Da rief ein Klang ihn, kam von irgendwo: »Lebe tausendmal wohl!« Wem hatte einst der Abschiedsgruß gegolten? Erinnerung stöhnte auf. Da war sie wieder, die schlanke Silhouette, die er nicht vergessen konnte, da das schmale Gesicht, da der Blick der heißen Frauenaugen, da das Lächeln,[39] das wehrlos machte … Vorbei, vorbei! Jetzt saß im Fenster an der Ackerwand, zu dem er so oft hinaufgebetet hatte, eine alte Frau, vergrämt und verbittert, und sann verlorenem, verspieltem Glücke nach … eine fremde Frau, die nicht ihn und die nicht er verstand. Sie wohnten beide längst auf anderen Sternen. Und da quälte ihn der Klang im Ohr, und er wandte sich.

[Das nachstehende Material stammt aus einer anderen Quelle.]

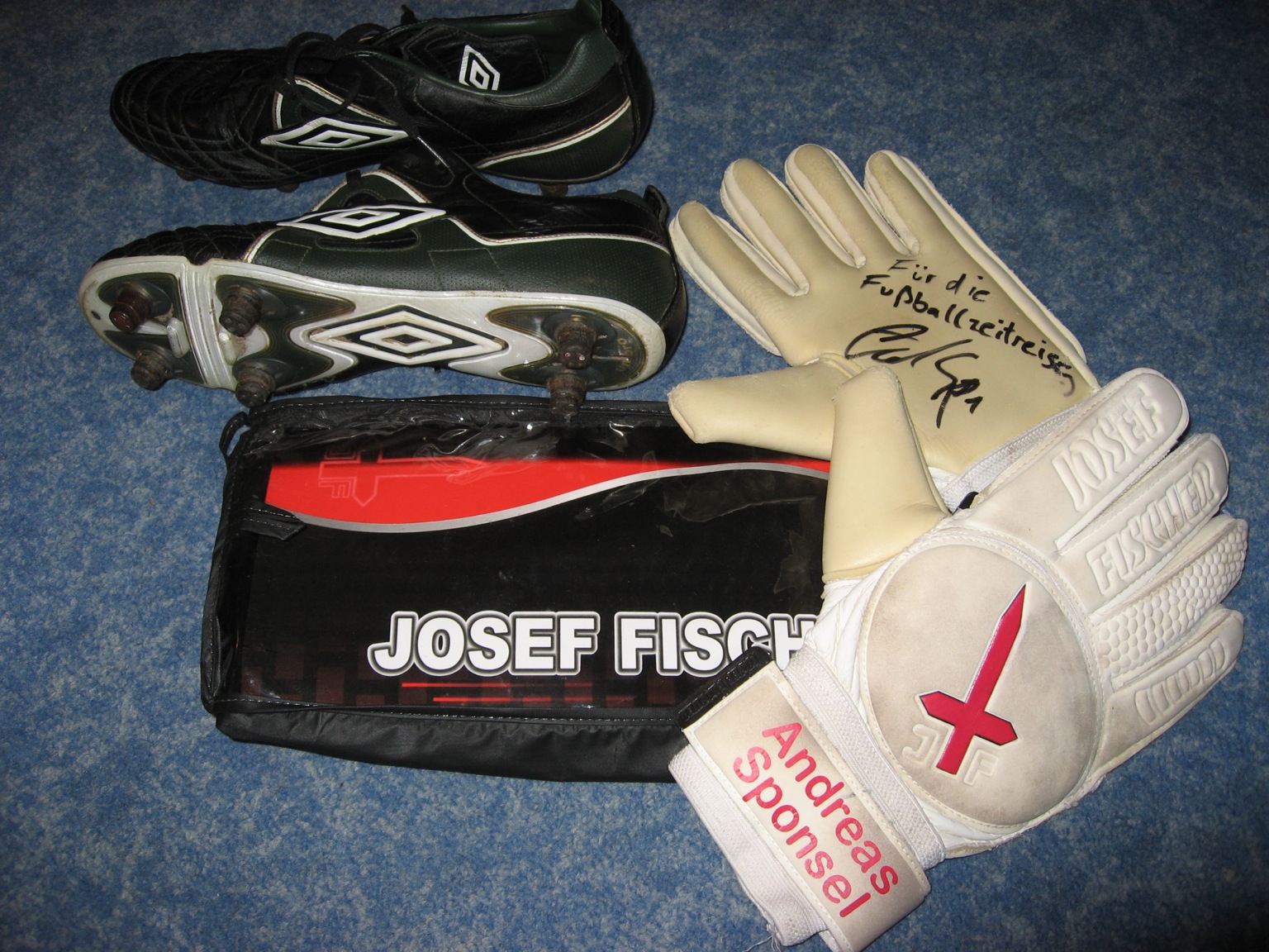 Andreas Sponsel, Torhüter des FC Rot-Weiß Erfurt versprach bei unserem Treffen am 18.04.2012, nach einem Fußballspiel in Siebleben, unsere Ausstellung zu unterstützen. Ich sollte mich nur noch ein wenig gedulden, bis die Saison zu Ende ist. Er würde mir dann seine Torwartsachen zuschicken. Ein Mann, ein Wort !

Über Ballenstedt, Aschersleben, Cönnern ging's wieder nach Halle zurück. Im Wagen lärmte der halbwüchsige August. Noch einmal wurde Lauchstädt kurze Station. Dann aber konnte Christiane, freudestrahlend, wieder Vater und Sohn umfangen. Und da war auch Goethes letzte Harzreise aus.

An der Stelle aber, wo sein Auge zum letzten Male jenes unvergleichliche Panorama, das Roßtrappe und Hexentanzplatz mit dem Bodetal zusammen bilden, umfangen hat, steht ein Stein. Man sieht ihn nicht, denn er ist nicht sichtbar. Es ist ein imaginärer Stein. Manche sehen die Worte, die darauf stehen. Auch sie lauten: Genio huius loci!

Für uns aber gilt, was Goethe einmal — drei Jahre später — an die Malerin Caroline Bardua schrieb: »Der Brocken wird noch eine Weile auf seinen Füßen stehen bleiben, und die Spur des Roßtritts auch nicht so bald verlöschen …« Nein, so bald nicht, und mit ihnen wird die Erinnerung an Goethe dauern, dem sie Erschütterung und tiefstes Erlebnis gewesen.